Feature #15588
openString#each_chunk and #chunks
Description
String#each_chunk iterates chunks of specified size in String.
String#chunks is a shorthand for str.each_chunk(n).to_a.
present:
str = <<EOS
20190101 20190102
20190103 20190104
EOS
str.scan(/.{1,9}/m) do |chunk|
p chunk #=> "20190101 "
end
str.scan(/.{1,9}/m) do |chunk|
chunk.strip!
p chunk #=> "20190101"
end
str.scan(/.{1,9}/m) #=> ["20190101 ", "20190102\n", "20190103 ", "20190104\n"]
str.scan(/.{1,9}/m).map(&:strip) #=> ["20190101", "20190102", "20190103", "20190104"]
proposal:
str = <<EOS
20190101 20190102
20190103 20190104
EOS
str.each_chunk(9) do |chunk|
p chunk #=> "20190101 "
end
str.each_chunk(9, strip: true) do |chunk|
p chunk #=> "20190101"
end
str.chunks(9) #=> ["20190101 ", "20190102\n", "20190103 ", "20190104\n"]
str.chunks(9, strip: true) #=> ["20190101", "20190102", "20190103", "20190104"]
Files
Updated by shyouhei (Shyouhei Urabe) over 5 years ago
Why the String#scan
example you showed is not suitable for you?
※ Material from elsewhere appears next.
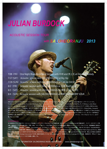 一昨年に続きロンドンからJulian Burdockさんを迎えてのライブツアーを行います。母国で自己の率いるバンド『24PESOS』の楽曲やBlues standardをこちら日本のミュージシャンとの共演で演奏します。今回は例年数回だけ行っていたSALONDORANJUとのAcoustic duoをメインとしたツアーとなりますが、初日のみ『One night blues rock band session』と銘打ち、-Hyoer Hybrid Rock Band-"HHR"とこのツアーでは例年ドラムを歴任している世上光さんを迎えたロック・セッション・パーティーを行います。UKの大御所R&B、Soul、Blues界で活躍する彼の最高にグルーヴィーなプレイをぜひお楽しみに!英国音楽ファン&南部系Bluesファン大必見!!!

Tell us what makes you happy with the proposal.
Updated by mame (Yusuke Endoh) over 5 years ago
I like the proposal itself. I don't think that chunks
is a good name, though.
To take every n characters, I often write str.scan(/.{1,#{ n }}/m)
, but it looks a bit cryptic. In this case str.chunks(n)
is simpler.
I dislike strip: true
. It is too ad-hoc. Does it also support lstrip: true
, rstrip: true
, chop: true
, chomp: true
, etc? In principle, one method should do one thing, IMO.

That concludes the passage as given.